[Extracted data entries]
BEGIN

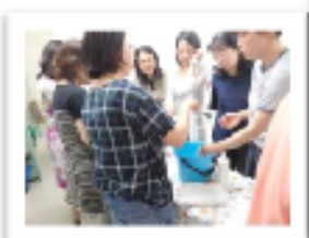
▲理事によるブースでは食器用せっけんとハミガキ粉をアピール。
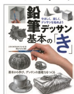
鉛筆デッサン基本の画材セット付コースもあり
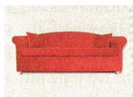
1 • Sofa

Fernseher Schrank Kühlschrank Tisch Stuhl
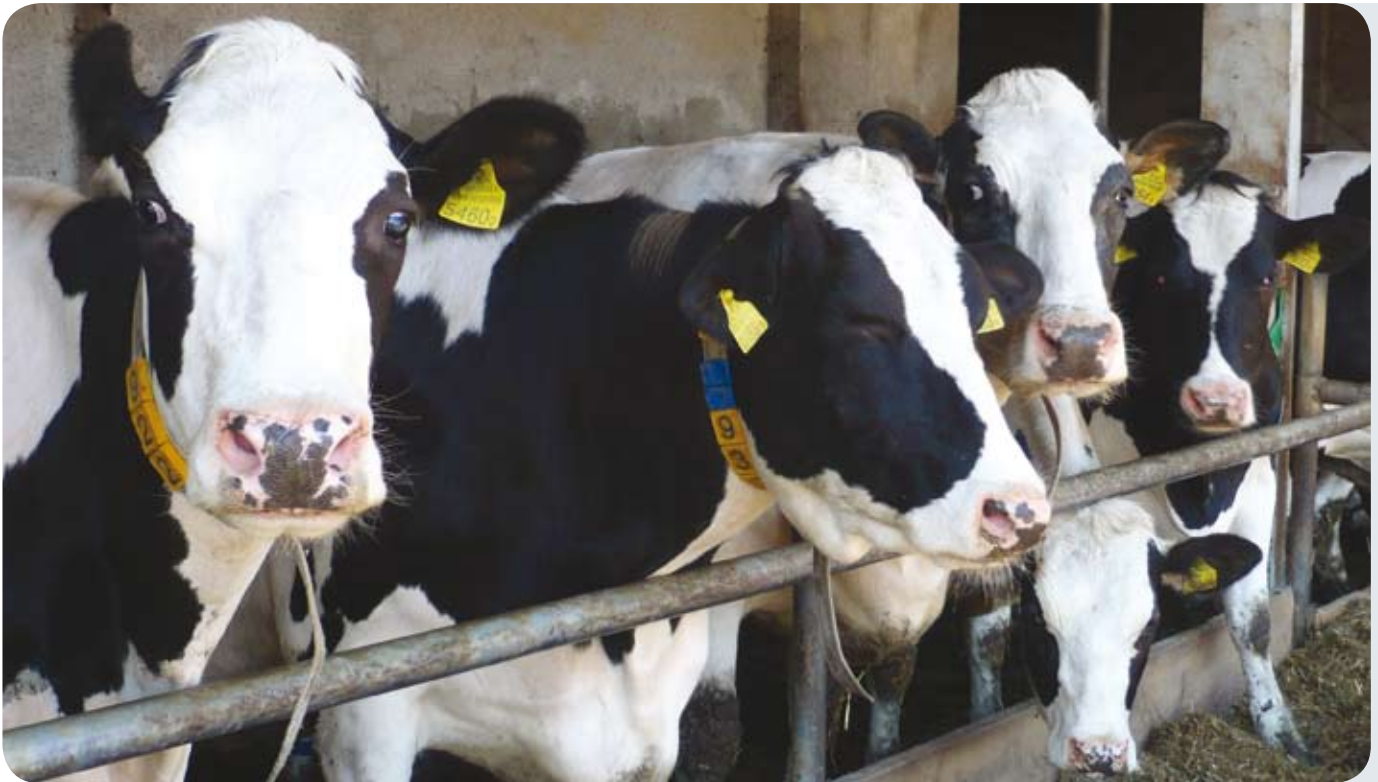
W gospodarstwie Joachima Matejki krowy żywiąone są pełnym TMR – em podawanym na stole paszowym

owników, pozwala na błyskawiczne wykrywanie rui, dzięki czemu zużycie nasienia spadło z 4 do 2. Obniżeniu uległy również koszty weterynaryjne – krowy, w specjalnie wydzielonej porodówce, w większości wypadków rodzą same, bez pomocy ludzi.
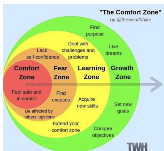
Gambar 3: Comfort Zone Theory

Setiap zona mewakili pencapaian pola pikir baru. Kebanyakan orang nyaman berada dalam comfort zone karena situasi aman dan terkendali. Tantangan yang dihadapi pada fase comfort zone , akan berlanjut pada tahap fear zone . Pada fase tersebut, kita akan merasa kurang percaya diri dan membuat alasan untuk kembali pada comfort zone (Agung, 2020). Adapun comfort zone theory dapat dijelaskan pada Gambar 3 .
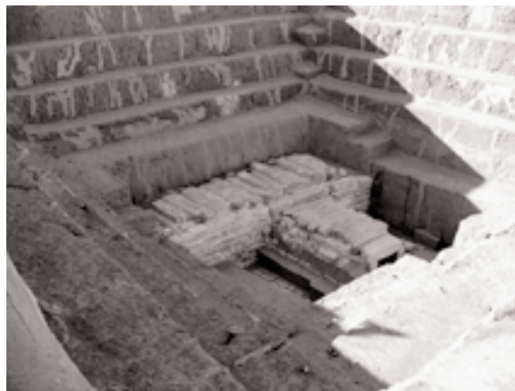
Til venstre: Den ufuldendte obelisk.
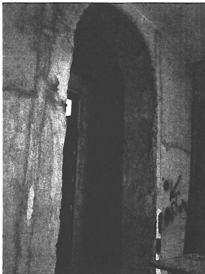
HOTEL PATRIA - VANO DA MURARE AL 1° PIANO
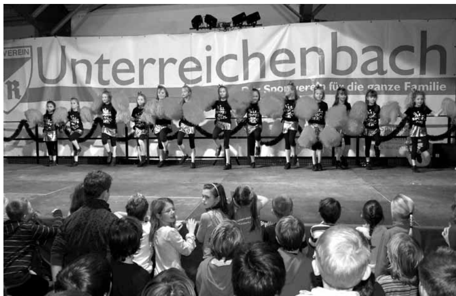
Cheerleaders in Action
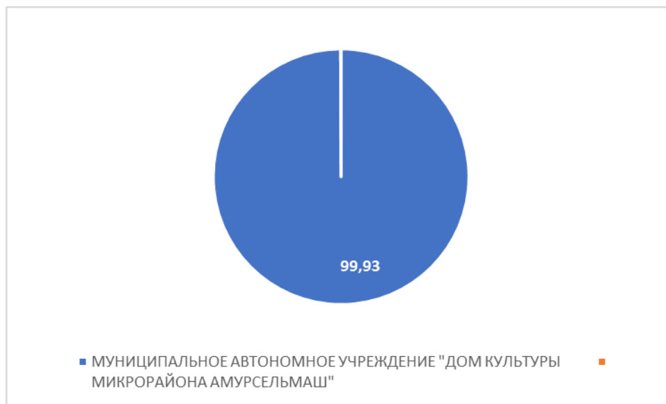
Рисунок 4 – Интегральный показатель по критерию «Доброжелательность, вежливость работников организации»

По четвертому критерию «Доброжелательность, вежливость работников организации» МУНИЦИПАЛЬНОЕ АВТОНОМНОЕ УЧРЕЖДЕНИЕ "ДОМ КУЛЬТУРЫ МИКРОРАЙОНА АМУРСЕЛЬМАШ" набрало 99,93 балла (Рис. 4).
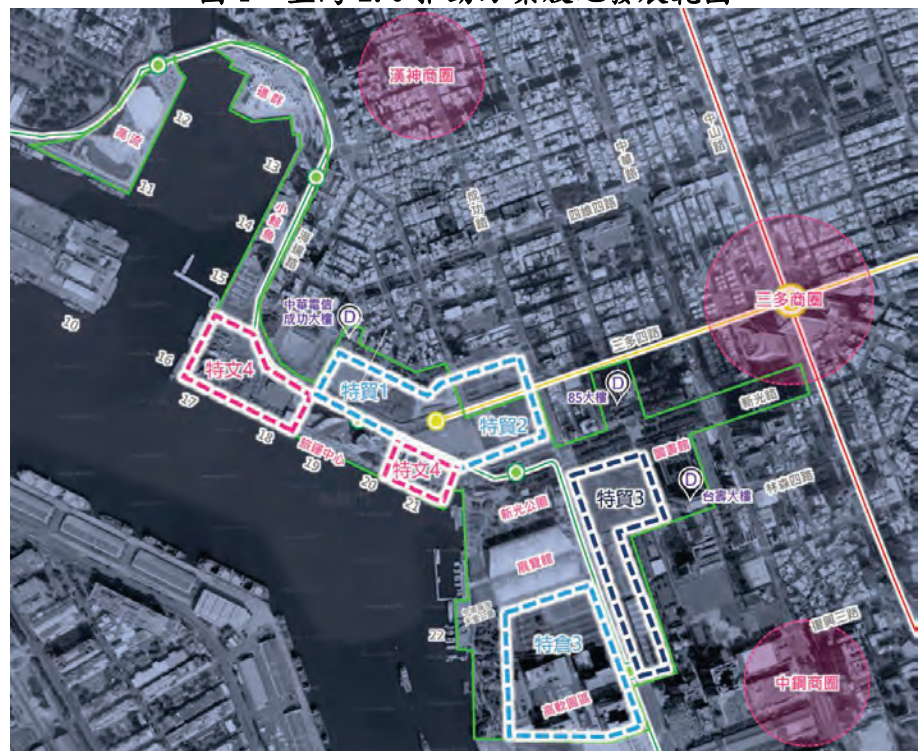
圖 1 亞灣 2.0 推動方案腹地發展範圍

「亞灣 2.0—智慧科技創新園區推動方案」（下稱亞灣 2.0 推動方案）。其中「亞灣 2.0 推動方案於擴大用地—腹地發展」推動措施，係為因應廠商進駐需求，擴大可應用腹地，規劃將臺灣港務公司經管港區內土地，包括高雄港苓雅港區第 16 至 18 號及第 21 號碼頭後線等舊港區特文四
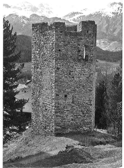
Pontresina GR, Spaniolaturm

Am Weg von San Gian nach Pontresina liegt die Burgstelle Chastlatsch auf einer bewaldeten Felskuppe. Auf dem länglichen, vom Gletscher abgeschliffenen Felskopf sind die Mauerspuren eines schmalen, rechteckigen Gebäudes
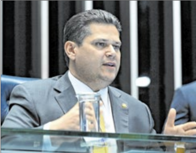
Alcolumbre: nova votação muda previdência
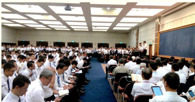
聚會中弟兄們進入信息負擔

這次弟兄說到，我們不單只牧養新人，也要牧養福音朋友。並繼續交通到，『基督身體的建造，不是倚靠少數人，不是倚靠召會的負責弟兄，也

END

Reproduce the data above without a single change, please, but without its pictures.

▲理事によるブースでは食器用せっけんとハミガキ粉をアピール。
鉛筆デッサン基本の画材セット付コースもあり
1 • Sofa

Fernseher Schrank Kühlschrank Tisch Stuhl
W gospodarstwie Joachima Matejki krowy żywiąone są pełnym TMR – em podawanym na stole paszowym

owników, pozwala na błyskawiczne wykrywanie rui, dzięki czemu zużycie nasienia spadło z 4 do 2. Obniżeniu uległy również koszty weterynaryjne – krowy, w specjalnie wydzielonej porodówce, w większości wypadków rodzą same, bez pomocy ludzi.
Gambar 3: Comfort Zone Theory

Setiap zona mewakili pencapaian pola pikir baru. Kebanyakan orang nyaman berada dalam comfort zone karena situasi aman dan terkendali. Tantangan yang dihadapi pada fase comfort zone , akan berlanjut pada tahap fear zone . Pada fase tersebut, kita akan merasa kurang percaya diri dan membuat alasan untuk kembali pada comfort zone (Agung, 2020). Adapun comfort zone theory dapat dijelaskan pada Gambar 3 .
Til venstre: Den ufuldendte obelisk.
HOTEL PATRIA - VANO DA MURARE AL 1° PIANO
Cheerleaders in Action
Рисунок 4 – Интегральный показатель по критерию «Доброжелательность, вежливость работников организации»

По четвертому критерию «Доброжелательность, вежливость работников организации» МУНИЦИПАЛЬНОЕ АВТОНОМНОЕ УЧРЕЖДЕНИЕ "ДОМ КУЛЬТУРЫ МИКРОРАЙОНА АМУРСЕЛЬМАШ" набрало 99,93 балла (Рис. 4).
圖 1 亞灣 2.0 推動方案腹地發展範圍

「亞灣 2.0—智慧科技創新園區推動方案」（下稱亞灣 2.0 推動方案）。其中「亞灣 2.0 推動方案於擴大用地—腹地發展」推動措施，係為因應廠商進駐需求，擴大可應用腹地，規劃將臺灣港務公司經管港區內土地，包括高雄港苓雅港區第 16 至 18 號及第 21 號碼頭後線等舊港區特文四
Pontresina GR, Spaniolaturm

Am Weg von San Gian nach Pontresina liegt die Burgstelle Chastlatsch auf einer bewaldeten Felskuppe. Auf dem länglichen, vom Gletscher abgeschliffenen Felskopf sind die Mauerspuren eines schmalen, rechteckigen Gebäudes
Alcolumbre: nova votação muda previdência
聚會中弟兄們進入信息負擔

這次弟兄說到，我們不單只牧養新人，也要牧養福音朋友。並繼續交通到，『基督身體的建造，不是倚靠少數人，不是倚靠召會的負責弟兄，也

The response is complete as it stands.